*TASK REQUIREMENTS*: Leave the pictures out. Retype exactly the lines below from the one containing "richtig der Schmäh." through the one containing "Sztuczny bukiet astrów", and no others.

*RECORDS FOR THIS TASK*:
──────────────────────────────

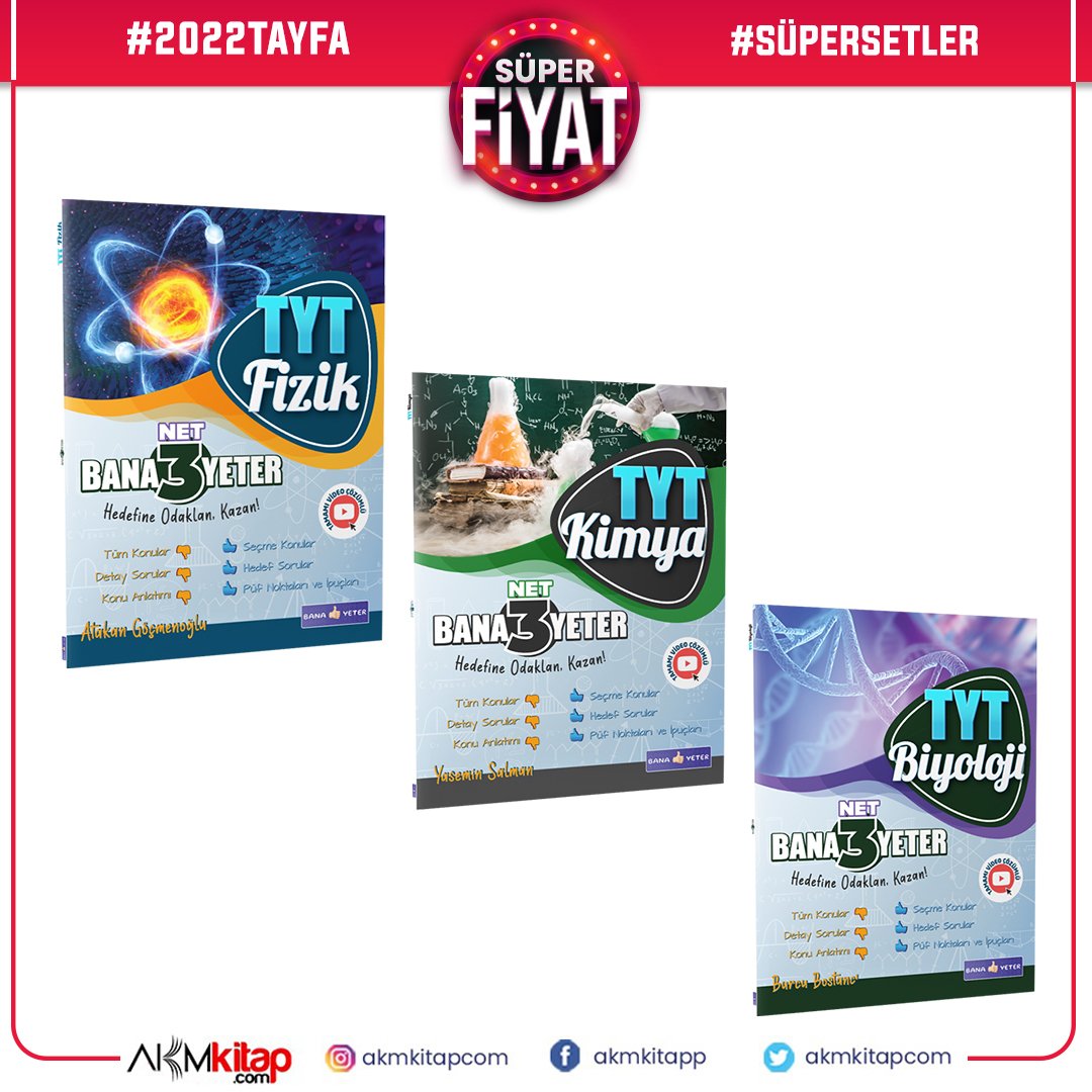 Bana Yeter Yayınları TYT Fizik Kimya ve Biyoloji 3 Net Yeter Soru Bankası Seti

──────────────────────────────

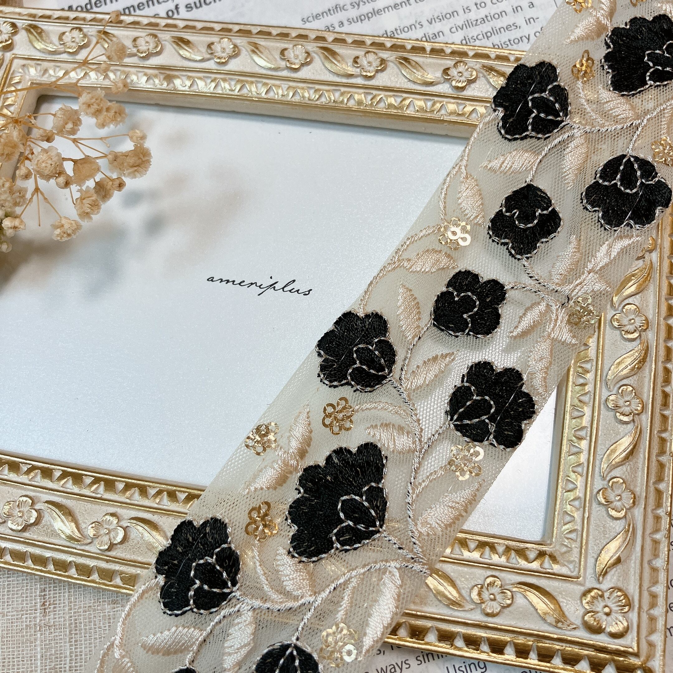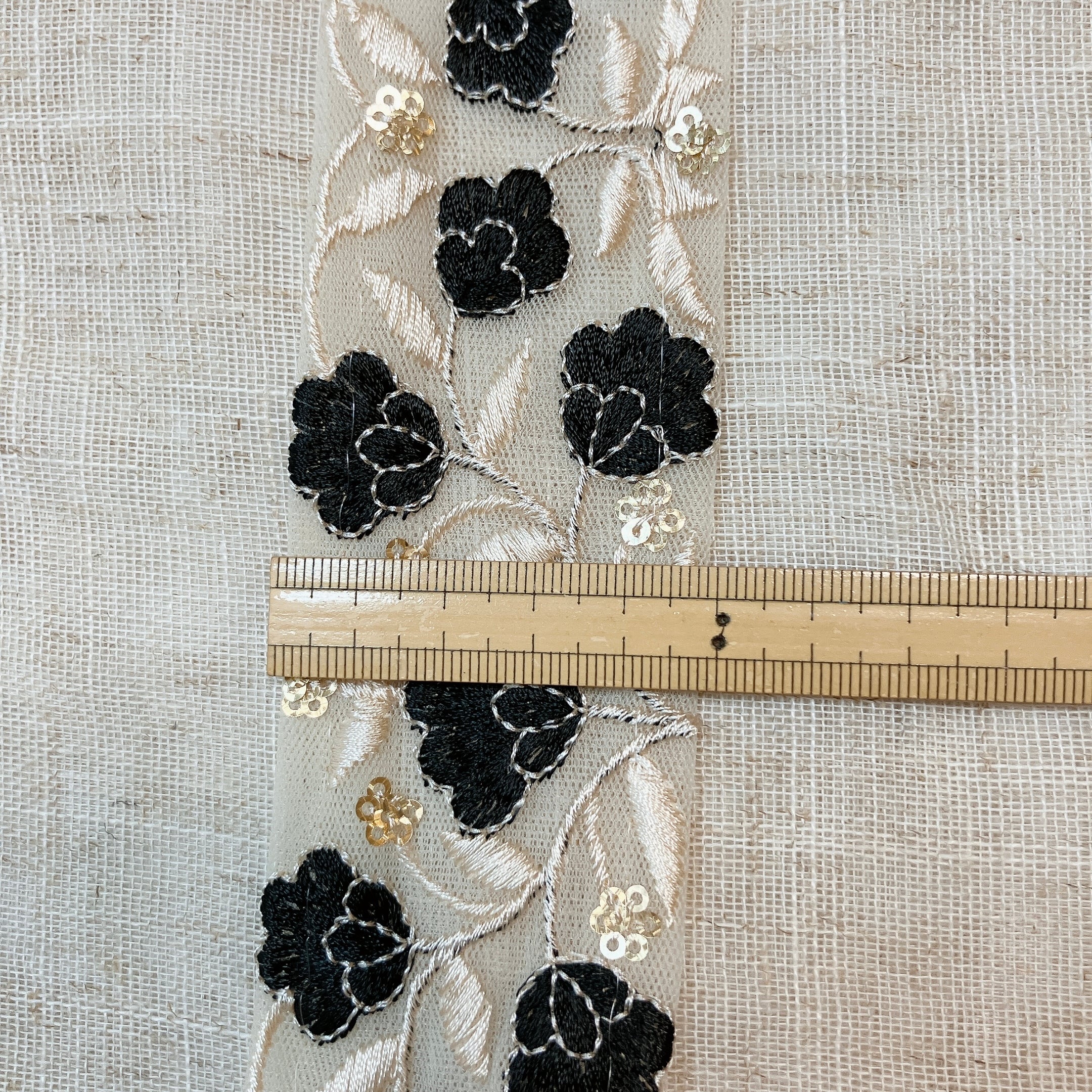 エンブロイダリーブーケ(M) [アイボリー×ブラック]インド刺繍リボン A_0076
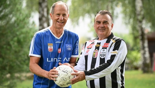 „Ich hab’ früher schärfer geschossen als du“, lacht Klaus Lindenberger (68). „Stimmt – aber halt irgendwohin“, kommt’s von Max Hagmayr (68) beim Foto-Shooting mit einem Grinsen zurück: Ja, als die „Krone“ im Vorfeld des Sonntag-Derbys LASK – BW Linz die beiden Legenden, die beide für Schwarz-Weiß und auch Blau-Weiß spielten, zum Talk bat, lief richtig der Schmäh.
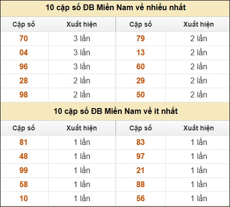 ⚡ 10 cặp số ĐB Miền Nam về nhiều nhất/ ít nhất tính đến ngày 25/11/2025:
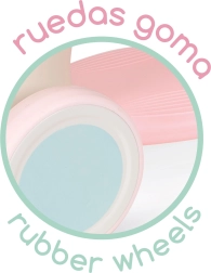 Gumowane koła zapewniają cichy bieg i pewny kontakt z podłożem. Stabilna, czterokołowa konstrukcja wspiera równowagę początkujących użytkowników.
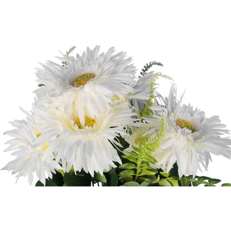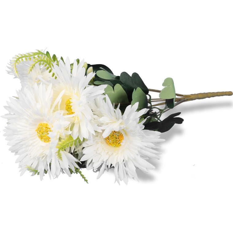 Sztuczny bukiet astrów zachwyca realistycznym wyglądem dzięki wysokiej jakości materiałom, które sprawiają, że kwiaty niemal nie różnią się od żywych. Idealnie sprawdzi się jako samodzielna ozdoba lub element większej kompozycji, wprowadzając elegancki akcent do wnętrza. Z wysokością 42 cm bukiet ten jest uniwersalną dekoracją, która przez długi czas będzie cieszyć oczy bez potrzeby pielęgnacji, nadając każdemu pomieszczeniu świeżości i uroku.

──────────────────────────────

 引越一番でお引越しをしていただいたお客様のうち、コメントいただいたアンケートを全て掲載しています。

──────────────────────────────

*ANSWER TO THIS EXERCISE*:
 „Ich hab’ früher schärfer geschossen als du“, lacht Klaus Lindenberger (68). „Stimmt – aber halt irgendwohin“, kommt’s von Max Hagmayr (68) beim Foto-Shooting mit einem Grinsen zurück: Ja, als die „Krone“ im Vorfeld des Sonntag-Derbys LASK – BW Linz die beiden Legenden, die beide für Schwarz-Weiß und auch Blau-Weiß spielten, zum Talk bat, lief richtig der Schmäh.
 ⚡ 10 cặp số ĐB Miền Nam về nhiều nhất/ ít nhất tính đến ngày 25/11/2025:
 Gumowane koła zapewniają cichy bieg i pewny kontakt z podłożem. Stabilna, czterokołowa konstrukcja wspiera równowagę początkujących użytkowników.
 Sztuczny bukiet astrów zachwyca realistycznym wyglądem dzięki wysokiej jakości materiałom, które sprawiają, że kwiaty niemal nie różnią się od żywych. Idealnie sprawdzi się jako samodzielna ozdoba lub element większej kompozycji, wprowadzając elegancki akcent do wnętrza. Z wysokością 42 cm bukiet ten jest uniwersalną dekoracją, która przez długi czas będzie cieszyć oczy bez potrzeby pielęgnacji, nadając każdemu pomieszczeniu świeżości i uroku.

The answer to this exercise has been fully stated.